Douglas Gordon a réalisé une série de portraits. Cette série s’appelait Self-portrait of you + me. De nombreuses photos de célébrités étaient présentées et ces images étaient dégradées ( brûlées, découpées ) et les yeux étaient toujours vides. Elles étaient placées sur un miroir, ce qui nous permettait de nous voir dans les parties dégradées de l’image. J’ai apprécié ce jeu de regards et de réflexions qui s’établissait entre le spectateur et le portrait d’une célébrité. En nous plaçant dans leur reflet, un double jeu s’est installé, d’un coté moi dans ces personnages et de l’autre eux dans mon personnage. Le projet ci-dessous est inspiré par une série de témoignages réalisés par Julika Mayer et prend sa source dans un questionnement sur le temps et le vieillissement. Julika Mayer avait invité Paulo Duarte ( plasticien/marionnettiste ), Morgan Daguenet ( musicien électronique ) et Nicolas Lelièvre ( vidéaste ) à retraverser ces matériaux et à en livrer leur propre interprétation sous forme d’installation sonore et visuelle. Le spectateur était face à un portrait en volume où des portraits de femme âgées y étaient projetés en surface. Une cinquantaine de petits hauts parleurs étaient dispersés dans l’espace et diffusaient les témoignages des vielles femmes.

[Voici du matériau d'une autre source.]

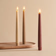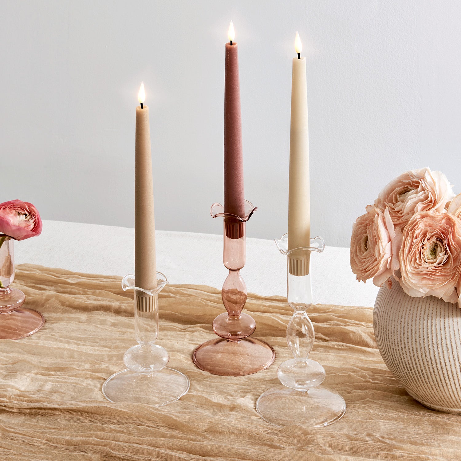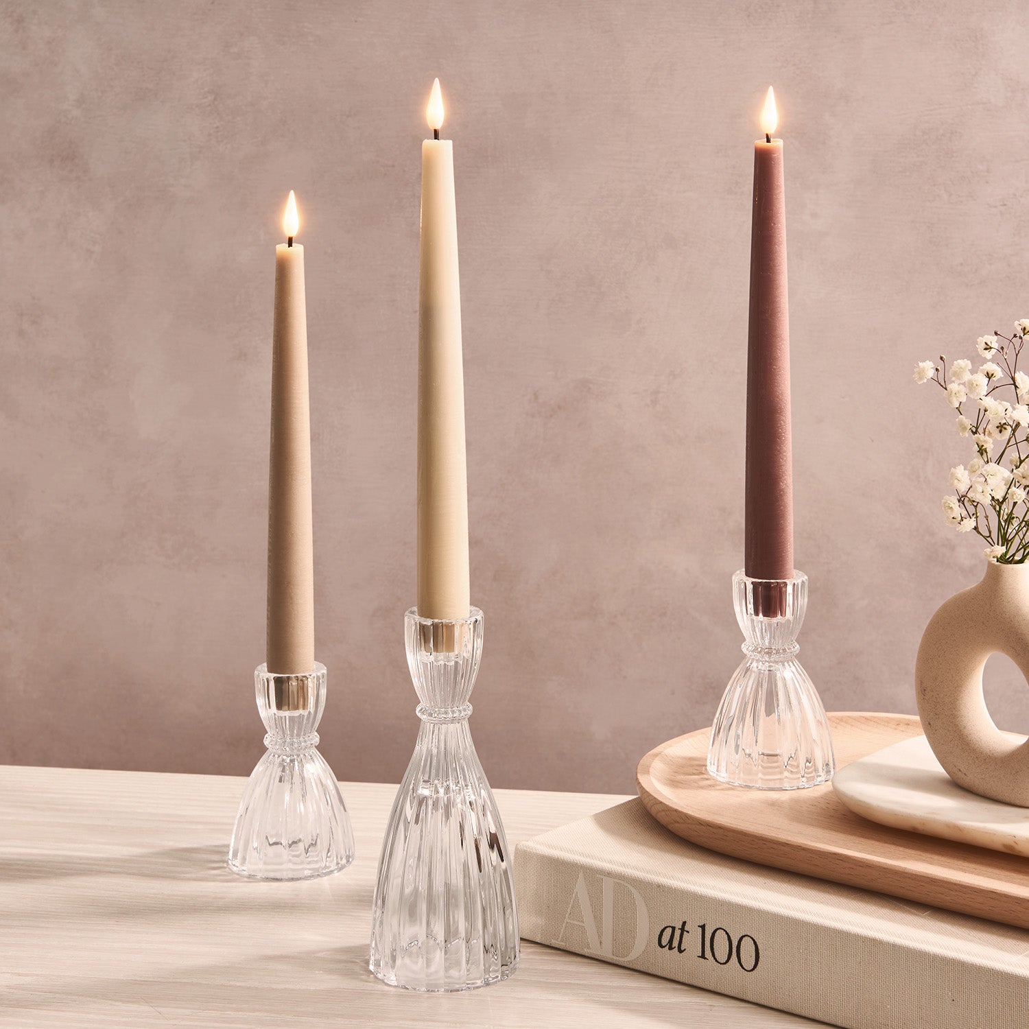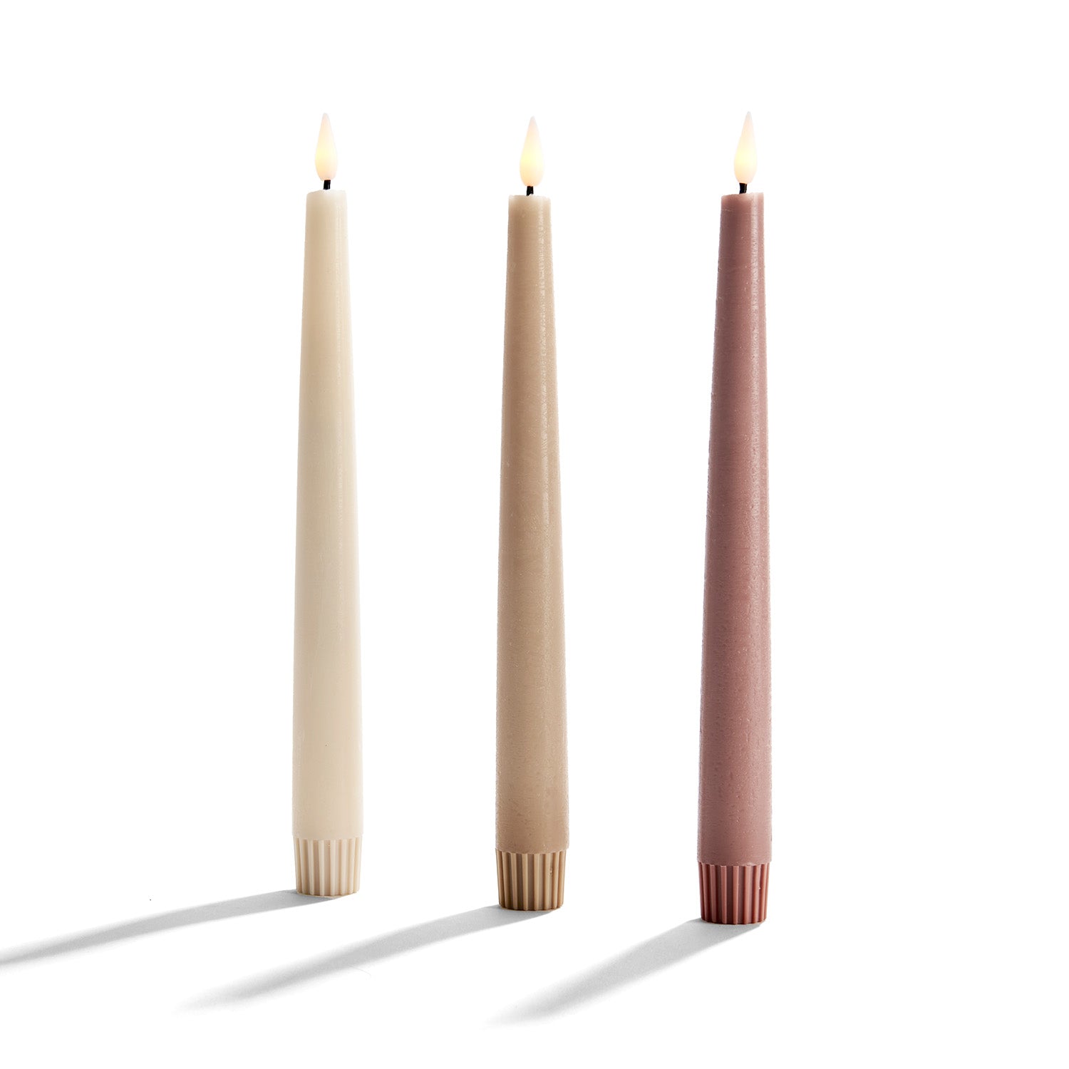 This candle set includes three elegant candles in shades of cream colors, topped with our distinctive Infinity Wick LED flames. Each candle in the pack is a different color, creating a gradient ombre effect when the candles are set together. These battery-powered taper candles are a beautiful, versatile addition to any style of decor, boasting a real wax exterior finished with a unique, distressed texture. Our Infinity Wick tapers fit most standard candle holders, come with a convenient remote control, and arrive in beautiful giftable packaging, making them an ideal holiday or housewarming gift. Place among botanicals to accentuate a floral centerpiece and elevate any dinner table, or add them to your everyday decor for a fun pop of color. Perfect for home, weddings, holidays, and special events.

Sculpture réalisée par Paulo DUARTE
“ Self portrait of you + me “ Douglas Gordon
Les moyens d’expression utilisés par Christian Boltanski dans ses installations me semblent être proches de ce que je recherche à produire comme sensations. Il active une mémoire collective à travers tous nos sens. Ces atmosphères pesantes racontent des récits personnels rattachés à l’Histoire. L’ énergie et l’ histoire que contiennent chacun de ces objets font resurgir les images enfouies dans nos mémoires. Je souhaite que le spectateur soit acteur et que mes installations permettent juste de faire ressurgir leurs émotions.